ContextVar Isolation
Each async task runs in its own context. Session state, memory streams, and claim tables are task-scoped — preventing cross-agent data leakage during parallel execution.
“Without context isolation, Agent 3's state leaks into Agent 5's reasoning. ContextVar gives you task-scoped state without passing context objects through every function signature.”
Agent Architecture
Three Core Methods
respond()Generates the agent's turn output. Routes through Agent Framework when enabled, falls back to direct Azure OpenAI calls. Can invoke registered tools mid-turn.
decide()Autonomous decision-making before each turn. Returns a structured AgentAction: SPEAK, WAIT, COMMIT, EXIT, or INVITE_COLLAB. Not scripted branching — LLM-evaluated.
generate_tells()Produces non-verbal behavioural signals (expressions, micro-reactions) in parallel with the main response — masking latency with useful output.
Agent Tools
| Tool | Type | Purpose |
|---|---|---|
| recall_memory | Base | Semantic search over the agent's own memory stream |
| record_observation | Base | Write a new observation to persistent memory |
| detect_inconsistency | Base | Check a user assertion against the claim table |
| specialist tool | Specialist | Domain-specific analysis unique to each agent archetype |
| 4 diagnostic tools | Advisory | Structured feedback and contextual guidance for the user |
Data-Driven Agent Configuration
Markdown skill files define personality, domain knowledge, and tier behaviour. New agent archetypes require zero code changes — drop in a new skill file and the platform picks it up.

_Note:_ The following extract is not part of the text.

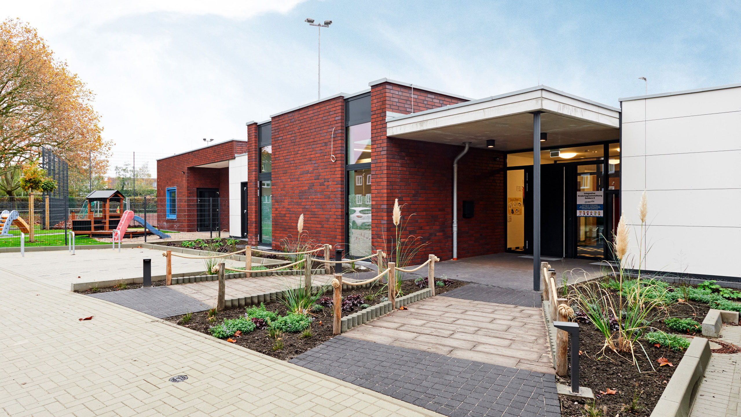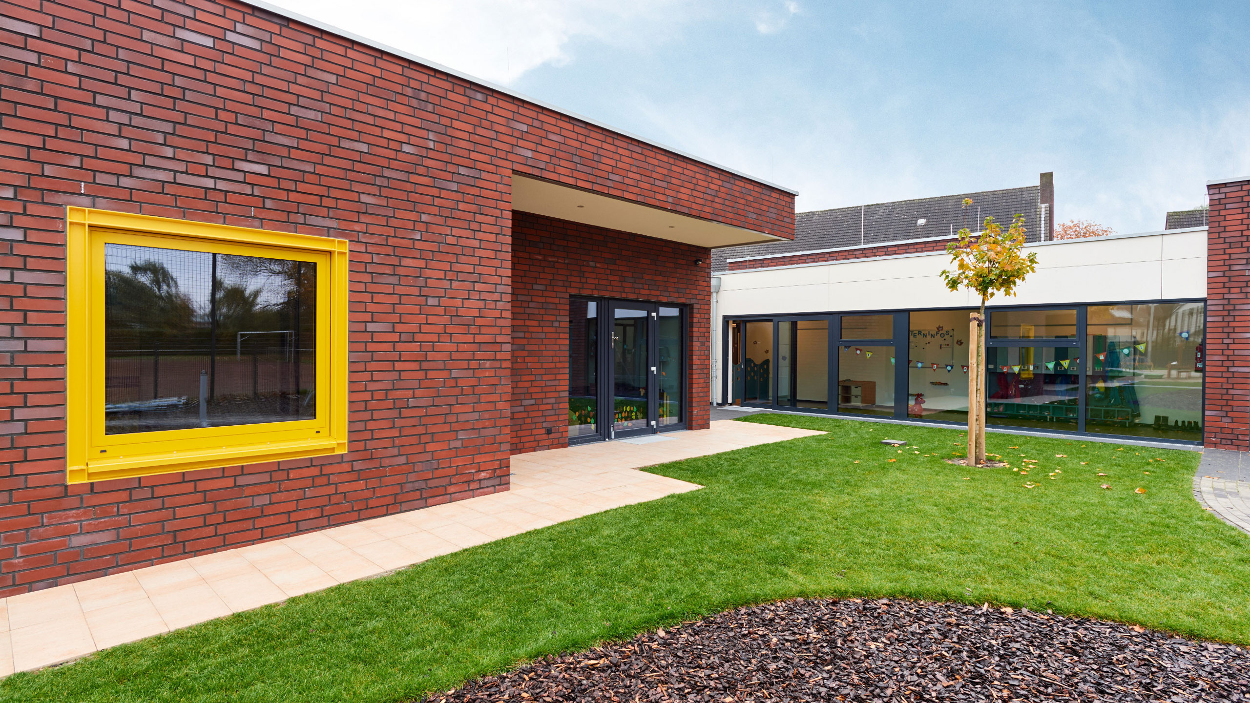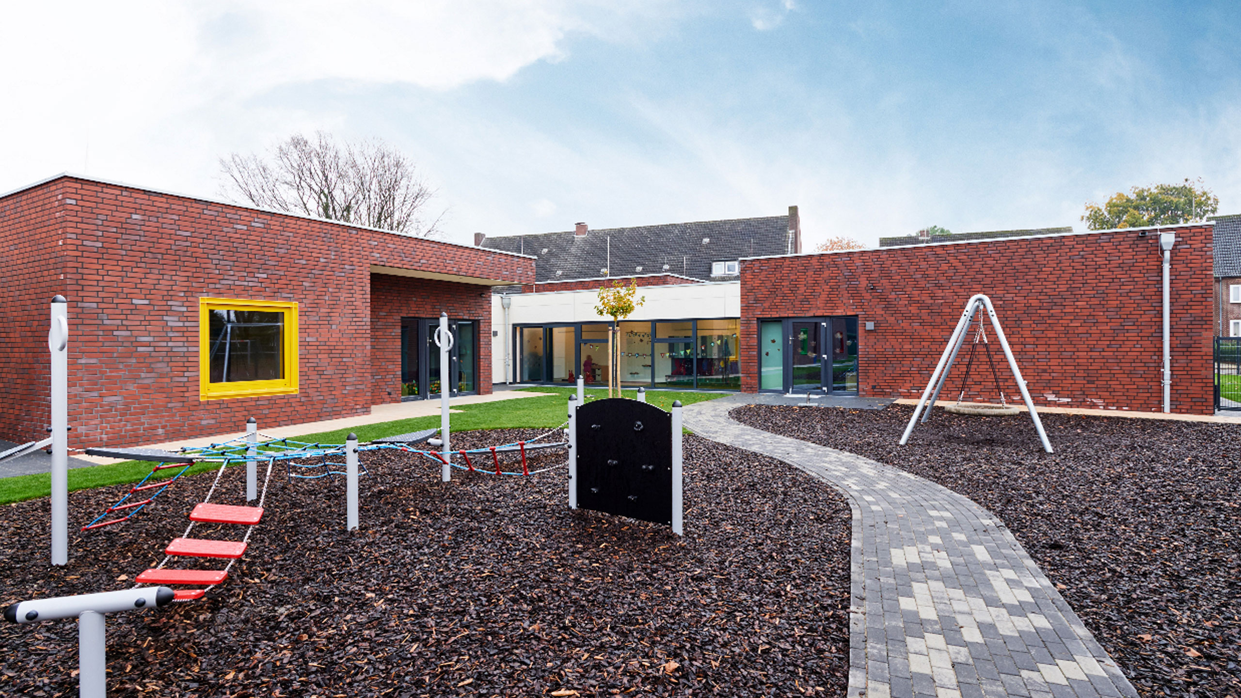 Die 4-gruppige Kindertagesstätte in Geldern verbindet klare architektonische Strukturen mit einer kindgerechten Raumgestaltung.  Jede Gruppe erhält ihren eigenen Raum mit direktem Bezug zum Außenraum und fördert so ein offenes, lebendiges Gesamtkonzept.

“If you need to redeploy to change agent behaviour, your architecture is wrong. Skill files are the config layer — personality, knowledge, and rules live in markdown, not Python.”
Key Design Decisions
Multi-Model Routing
Not every task needs GPT-4o. Purpose-driven model selection keeps costs down and latency low without sacrificing quality where it matters.
- GPT-4o — Complex reasoning
- GPT-5-Nano — Classification & decisions
- DeepSeek-V3 — Long-form generation
- Phi-4-mini — Structured extraction
Qdrant over ChromaDB
ChromaDB works for prototypes. For production multi-agent memory with session scoping and metadata filtering:
- Session-scoped payload filtering
- Persistent named collections
- Per-agent isolation at query time
- Docker-native with volume persistence
asyncio over Celery
This is real-time orchestration, not a job queue. Agents need to respond within a single HTTP request cycle.

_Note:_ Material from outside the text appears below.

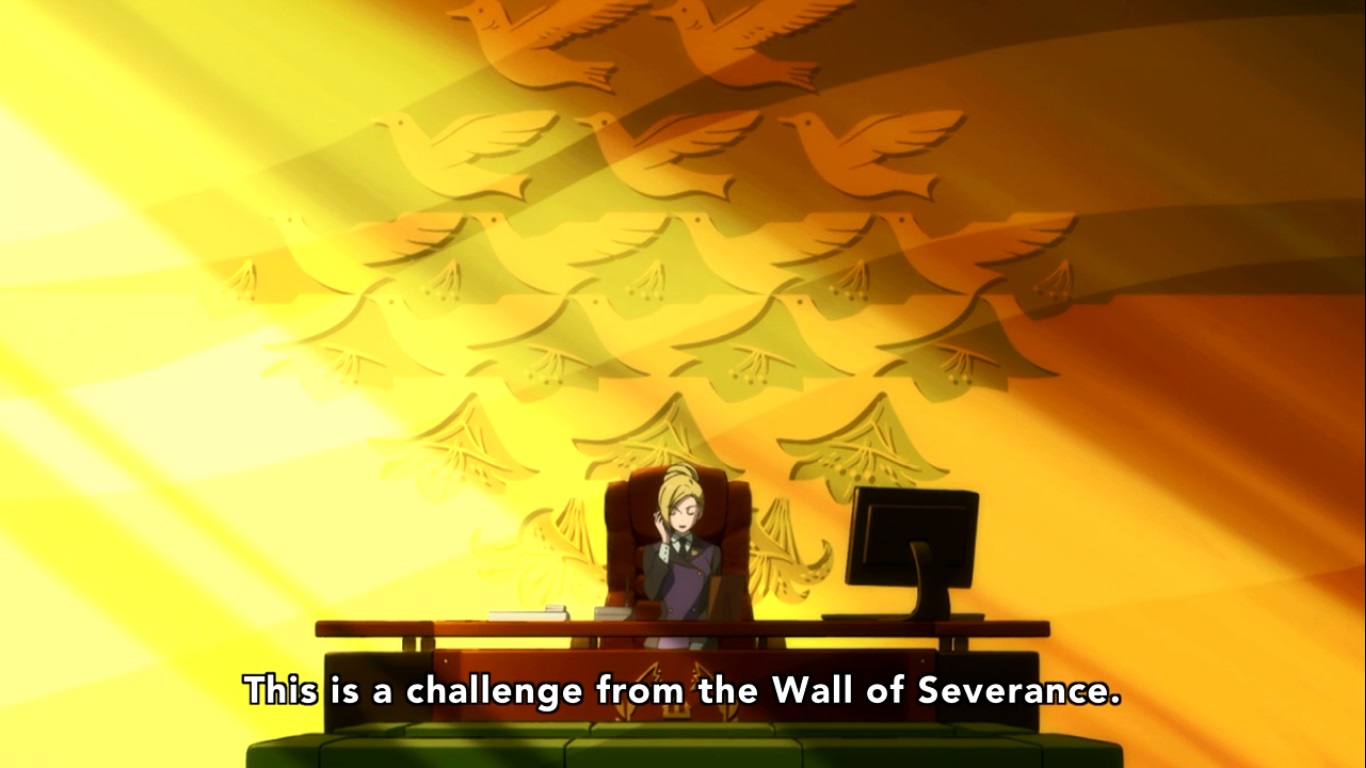So this was a really interesting episode, and I’ll give it a hell of a lot of points for being wildly inventive for most of it. It’s probably the best episode in the series in regards to outlandish concepts with mixed metaphors and constant symbolism because so much of it is packed in that the episode flies by in no time. The pacing is in it is frenetic so you never get bored with any one thing before moving onto the next. It’s still confusing at points with a lot of things that seem INTENTIONALLY unexplained (Mitsuko’s presence and Kureha’s acceptance into the Exclusion Group being prime examples), but it still manages to keep the tension and not get too bogged down in its own cleverness. There are some serious problems though that keep this from being as amazing as the last episode was. The Severance Court Officials still doing nothing of import and they’re presence has yet to be explained in any satisfying way. It wouldn’t be too bad, but they get more screen time this episode, and the one scene of Life Sexy peeking on underage girls is definitely the low mark of the episode, so their presence here is certainly not justified. Also, Lulu’s complete absence from this episode is absolutely baffling and feels like a serious oversight. We still have no idea how she’s reacted to GInko’s near-death experience or what her motivation was for telling Kureha the truth when she knows how much danger that would put Ginko in. It’s almost as bad as the ending to the previous episode where they just muted her for no reason, only this time they muted her presence entirely. Overall, it’s probably the best episode for those who love this show when it goes completely nuts and gets really edgy. I did end up liking this one overall, but I’m hoping for something more in the next episode. Only three left to wrap this thing up! Can’t wait to see how it all comes together!!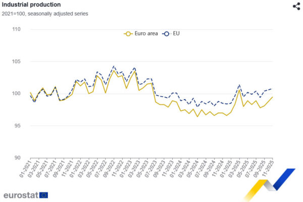 Across the wider EU, industrial production increased just 0.2% on the month. Estonia (6.0%), Lithuania (5.8%), and Czechia (2.8%) recorded the strongest gains, while Luxembourg (-7.3%), Denmark (-5.1%), and Portugal (-3.0%) posted the steepest declines.

- Sub-5s latency for parallel LLM calls
- ContextVar isolation per async task
- No message broker dependency
- Native Python 3.12 async
Feature-Flagged Agent Framework
The platform runs fully without an Azure subscription. Agent Framework integration is toggled with a single flag.

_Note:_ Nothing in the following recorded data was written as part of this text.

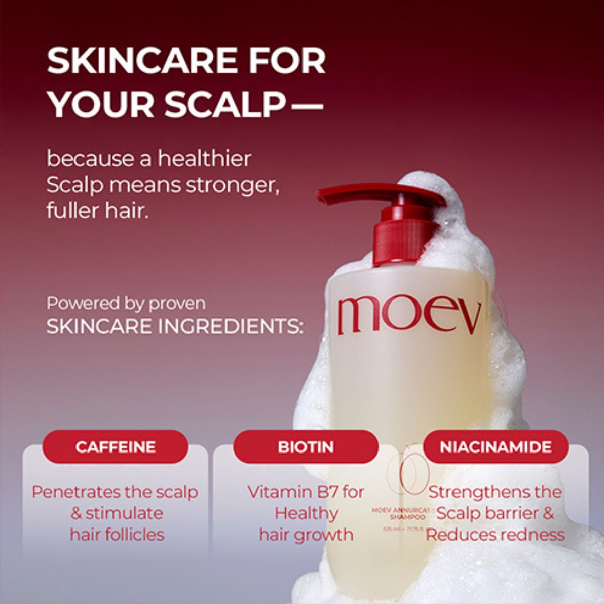 MOEV Annurcatin Shampoo renforce les cheveux et aide à réduire la chute capillaire. Il contient Annurcatin™, qui inclut de l’extrait de pomme Annurca (20 000 ppm), de la biotine et 22 acides aminés pour favoriser des cheveux plus denses, plus résistants et plus sains.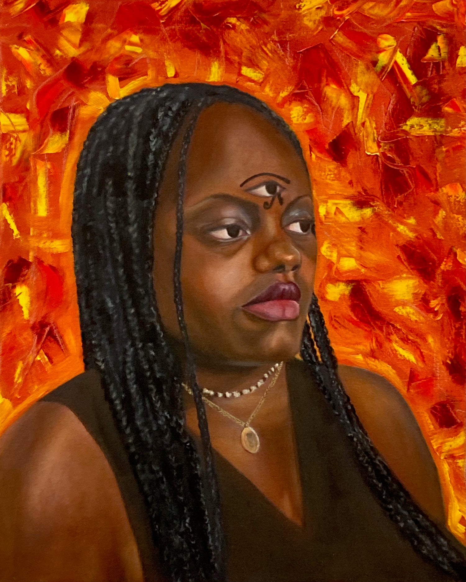 MoonChild’s first portrait painting in oil, toying with the energy of colors and its parallels with hidden identity.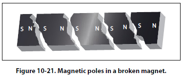 Figure 10-21 illustrates another characteristic of magnets. If the bar magnet is cut or broken into pieces,

USE_AGENT_FRAMEWORK=true— Full Foundry integrationUSE_AGENT_FRAMEWORK=false— Direct Azure OpenAI calls- Graceful degradation, no code changes
- AF adds observability, not core logic
Infrastructure
nginx SPA
Single-file frontend. No build step, no bundler.
FastAPI
Orchestration, memory, claims, governance.
Qdrant
Vector DB with named volume for persistence.
$ docker compose up # Local development — 3 containers $ azd up # Azure deployment — zero architecture changes
“Zero-to-deployed in one command. That's not marketing — that's the actual developer experience. Same containers, same networking, same volumes. Local and cloud are architecturally identical.”
“Most people build multi-agent demos. I built a multi-agent system — with persistent memory, inconsistency detection, and production deployment. The architecture matters more than the demo.”